### Work instruction
Go through the listing that follows and write it out exactly. Drop the pictures.

### Data provided

*** Begin section ***

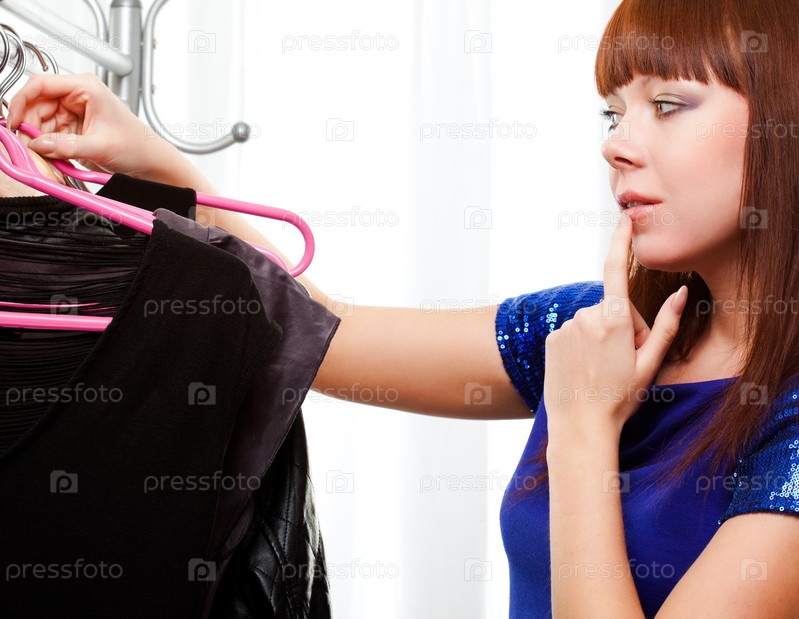 Женщина выбирает одежду в магазине
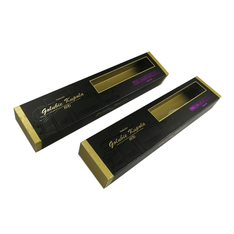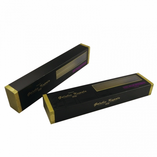 To jest składana, wysuwana szuflada ze złotą podstawą który zrobił z papieru artystycznego C2S 157g + szarej tektury 1200g ,pudełko jest w pełni zadrukowane na zewnątrz i wewnątrz, posiada papierową, tekturową wkładkę, która dostosowuje swój kształt do produktów znajdujących się w pudełku.
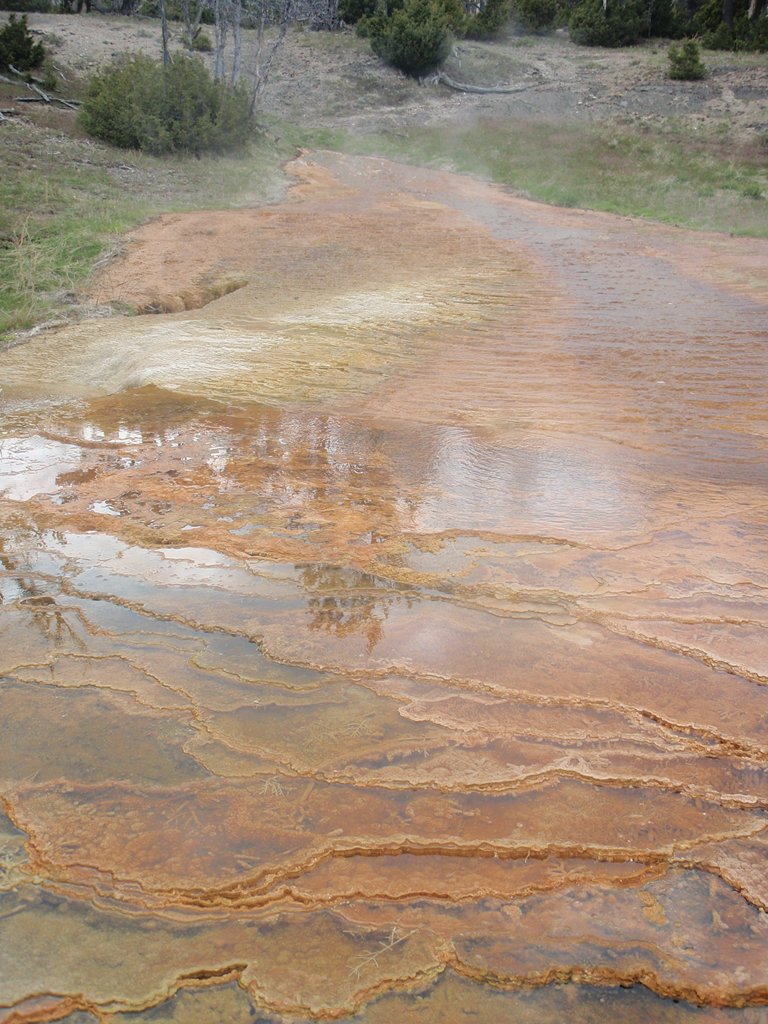 Rain! As predicted, so I hopped in the car and got around a little. Saw the east end of the park, some more bisons and "Mammoth Hot Springs". A ranger told me that normally all the fields are covered with water. Today, only some little terraces where flooded, but they looked really nice and colorful.

*** End section ***

### Exercise result
 Женщина выбирает одежду в магазине
 To jest składana, wysuwana szuflada ze złotą podstawą który zrobił z papieru artystycznego C2S 157g + szarej tektury 1200g ,pudełko jest w pełni zadrukowane na zewnątrz i wewnątrz, posiada papierową, tekturową wkładkę, która dostosowuje swój kształt do produktów znajdujących się w pudełku.
 Rain! As predicted, so I hopped in the car and got around a little. Saw the east end of the park, some more bisons and "Mammoth Hot Springs". A ranger told me that normally all the fields are covered with water. Today, only some little terraces where flooded, but they looked really nice and colorful.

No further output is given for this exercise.